We suggest using the same set of annotations used by MS-TCN++ and ASFormer. Download the 50Salads dataset from the links provided by either of the two repositories.
We suggest extracting the features using ASFormer. Please use their repository and the pre-trained model checkpoints (link) to extract the frame-wise features for each split of the dataset. Please extract the features from each of the four refinement layers and concatenate them. To be more specific, you can concatenate the 64-dimensional features from this line, which will give you 256-dimensional (frame-wise) features.
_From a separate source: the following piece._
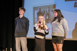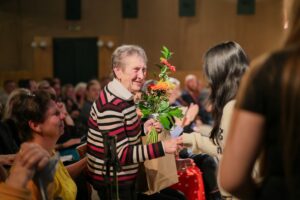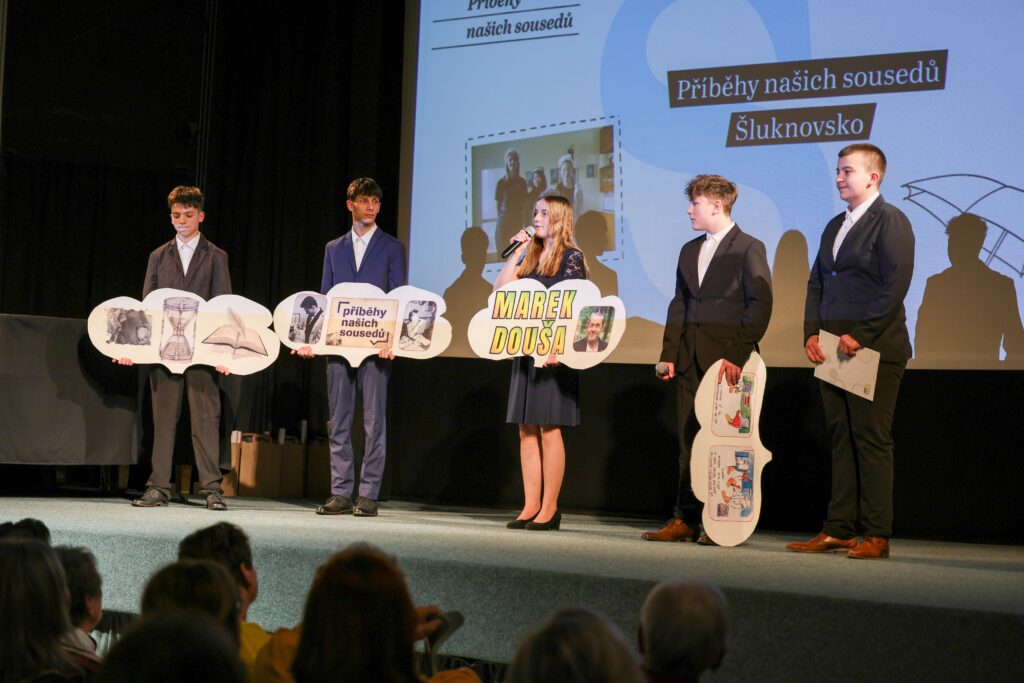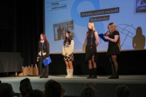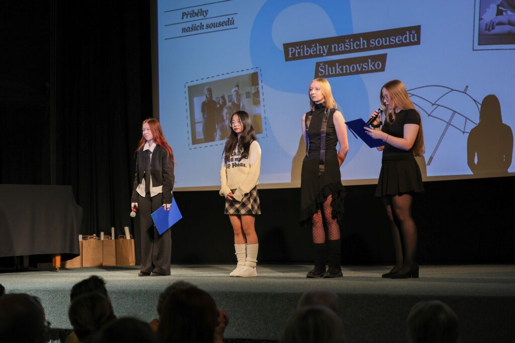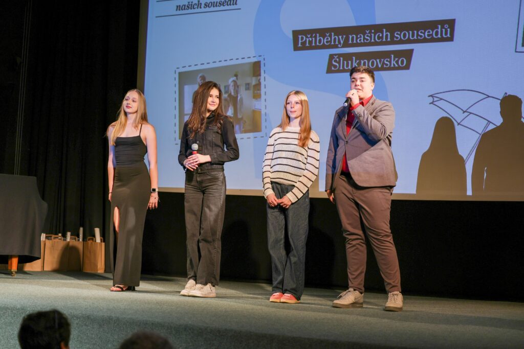 Diváci se rozhodně nenudili. Celkem 11 týmů z jedenácti škol Šluknovského výběžku představilo své videoreportáže, které byly velmi dobře propracované, a výstupy jednotlivých týmů na pódiu byly skvělé. Nechyběl ani slavnostní moment poděkování – žáci předávali pamětníkům květiny a drobné dárky, sami si pak odnesli certifikáty a tašky s odměnami.

Similarly, you can also extract MS-TCN++ features from this line.
We use the features from the thirdparty repositories.
The data directories should look as follows:
|-- data
|-- annotations
|-- 50salads
|-- groundTruth
|-- splits
|-- mapping.txt
|-- features
|-- ASFORMER
|-- split1
|-- split2
|-- split3
|-- split4
|-- split5
We can perform the experiments on action segmentation with the default configuration by following the three steps below.
Run the following command to generate temporal graphs from the features:
python data/generate_temporal_graphs.py --features ASFORMER --tauf 10
The generated graphs will be saved under data/graphs
. Each graph captures long temporal context information in a video.
Next, run the training script by passing the default configuration file. You also need to specify which split to perform the experiments on:
python tools/train_context_reasoning.py --cfg configs/action-segmentation/50salads/SPELL_default.yaml --split 2
The results and logs will be saved under results
.
Now, we can evaluate the trained model's performance. You also need to specify which split to evaluate the experiments on:
python tools/evaluate.py --dataset 50salads --exp_name SPELL_AS_default --eval_type AS --split 2
This will print the evaluation scores.